After several months of work, I’m proud to announce the debut of our department’s new webisode series: Past & Presence!
My friend Sam Mulberry and I have been filming material for Past & Presence since last summer — and will continue to do so even this afternoon. (Episodes will keep coming all the way through the end of our semester.) In fact, we brought a camera and mic along on our recent travel course on World War I; two future episodes will be hosted, in a sense, from Europe!
If you didn’t read my posts last year about Past & Presence, a brief summary:
We did this primarily for the students in our new Introduction to History course — required of all majors and minors, and meant to serve not only as a primer in the philosophy and methodology of history, but to help them think critically about the uses of history in popular and political culture, to refine research, writing, and speaking skills, and to start discerning their calling. Each week in Intro to History begins with a two-hour evening seminar, which ends by posing a new question for conversation during the week on our course blog. That question then becomes the centerpiece for the faculty conversation at the heart of each webisode.
(This also means that all the professors in our department — and also some of our TAs, for at least one episode — get to help teach the course, not just me. So on this first episode, my colleagues Amy Poppinga and AnneMarie Kooistra join me in considering what history is — or, what historians do with the past and how it might differ from how others approach it.)

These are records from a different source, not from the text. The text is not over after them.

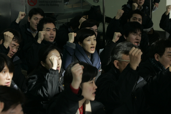 전국언론노동조합 YTN지부(지부장 노종면)는 2일 서울 남대문로 YTN사옥에서 ‘언론악법 총력저지 YTN 출정식’을 열었다. 1층 로비에는 250여명의 조합원들이 모여 의지를 다졌다. 이날은 YTN노조가 ‘구본홍 사장 반대 투쟁’을 벌인지 228일째 되는 날이었다.
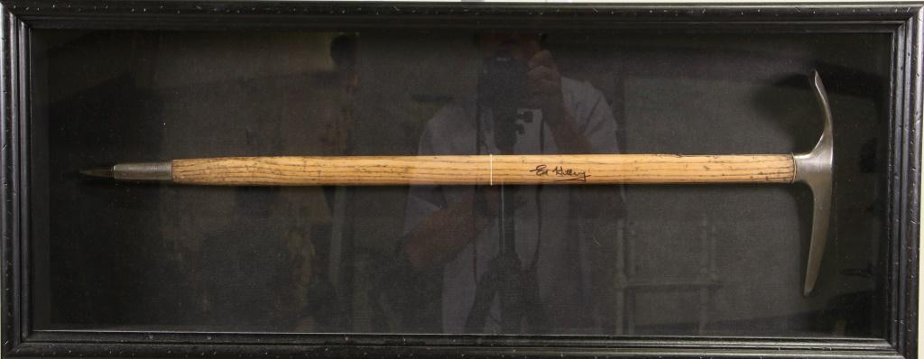FRAMED REPLICA EDMUND HILLARY SIGNED ICE AXE
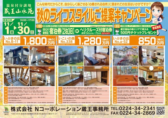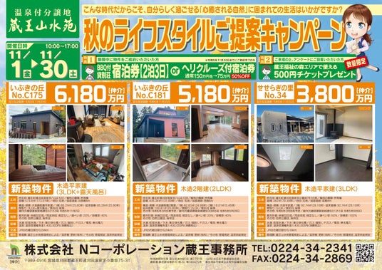 「蔵王山水苑」を運営する株式会社Nコーポレーションと、「稼ぐ別荘 ガイアリゾート」を運営する株式会社ガイアが、2024年11月1日より新築建売・中古物件販売キャンペーンを開催する。
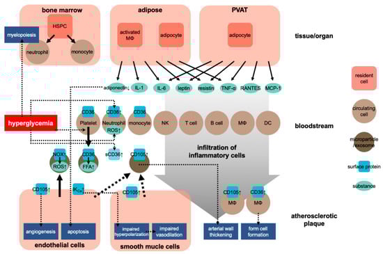 Interestingly, Flynn et al. reported that even in the absence of DM or insulin resistance, the change in glucose level activated the bone marrow, leading to mononucleosis and accelerating atherosclerosis [36]. Meanwhile, transient intermittent hyperglycemia (TIH) caused hematopoietic stem and progenitor cells (HSPC) to proliferate and differentiate in the bone marrow, leading to a rapid expansion of common myeloid and granulocyte-macrophage progenitors and a subsequent white blood cell proliferation. In particular, TIH caused the proliferation of Ly6Chi mononuclear cells, which induce atherosclerosis more strongly than other monocytes. According to Graubardt et al., removing the circulating Ly6Chi monocytes reduces neutrophils that produce reactive oxygen species (ROS) [37], which is one of the critical factors of both DM and atherosclerosis [38]. Other risk factors found in prediabetic obesity, such as inflammation, dyslipidemia, oxidative stress, and signal transduction from adipose tissue macrophages, may also promote the expansion and differentiation of bone marrow HSPCs and, subsequently, leukocytosis [39,40,41].
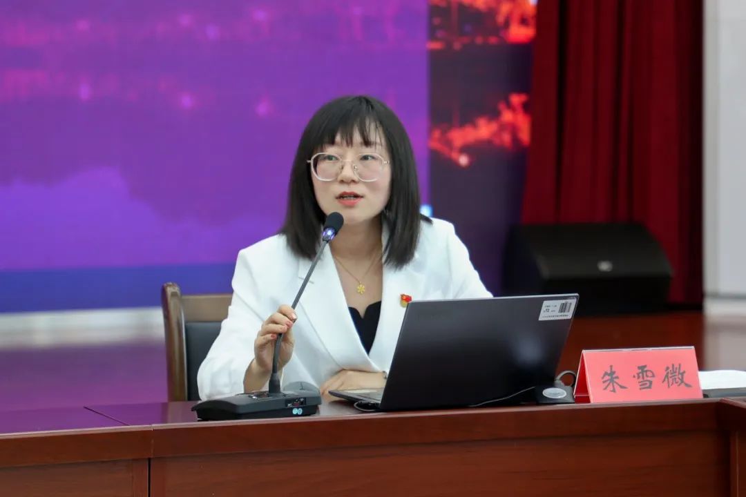 签约仪式后,作为“红色赋能站”第一场联学活动,太阳成集团tyc33455cc官方网站副教授朱雪微为街校双方与会同志和师生代表作了专题辅导报告。
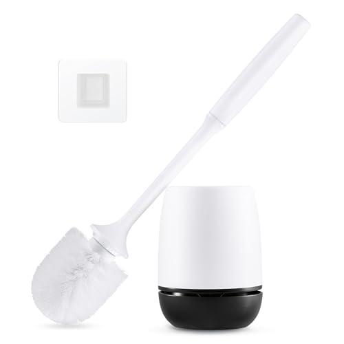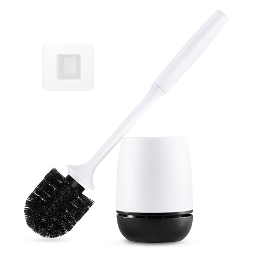 Toilet Brush, Toilet Bowl Brush and Holder Set for Bathroom, Toilet Cleaning Scrubber Brush for Bathroom for Deep Cleaning with Stiff Plastic Bristle, Ventilated Holder, Wall Mount Hook (White Head)
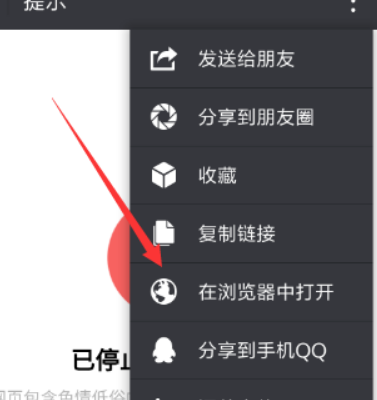 2、但是显示已停止访问该网页,我们点击页面右上角的三点。

Episodes also include interviews with faculty (to help new students get to know us) and alumni (to help our students get a handle on what they can do with their undergraduate studies in history). Plus ads for upcoming courses, study abroad programs, and grad/professional school options…
To link everything together, we filmed interstitial clips at spots on campus, at historic sites in the Twin Cities and Duluth, and at various points in our WWI course in Europe. We hope that underscores that the study of history goes far beyond the classroom, library, and archive.
While they were created for students in one course, we’ve decided to make the webisodes available on our department blog, YouTube channel, Twitter account, and Facebook page. In that way, Past & Presence can help us connect with students, alumni, and peers at other institutions.
And I’d encourage my readers to check out Past & Presence. (As new episodes debut each Wednesday, I’ll post a summary and link here.)
If you’re a fellow college professor, this might provide a model for how you can rethink hybrid teaching, or your department’s intro course, or how you connect with constituents. If you’re just interested in history — and particularly how Christians engage the past, Past & Presence should provide a thoughtful but accessible introduction to some of the foundational questions of the discipline.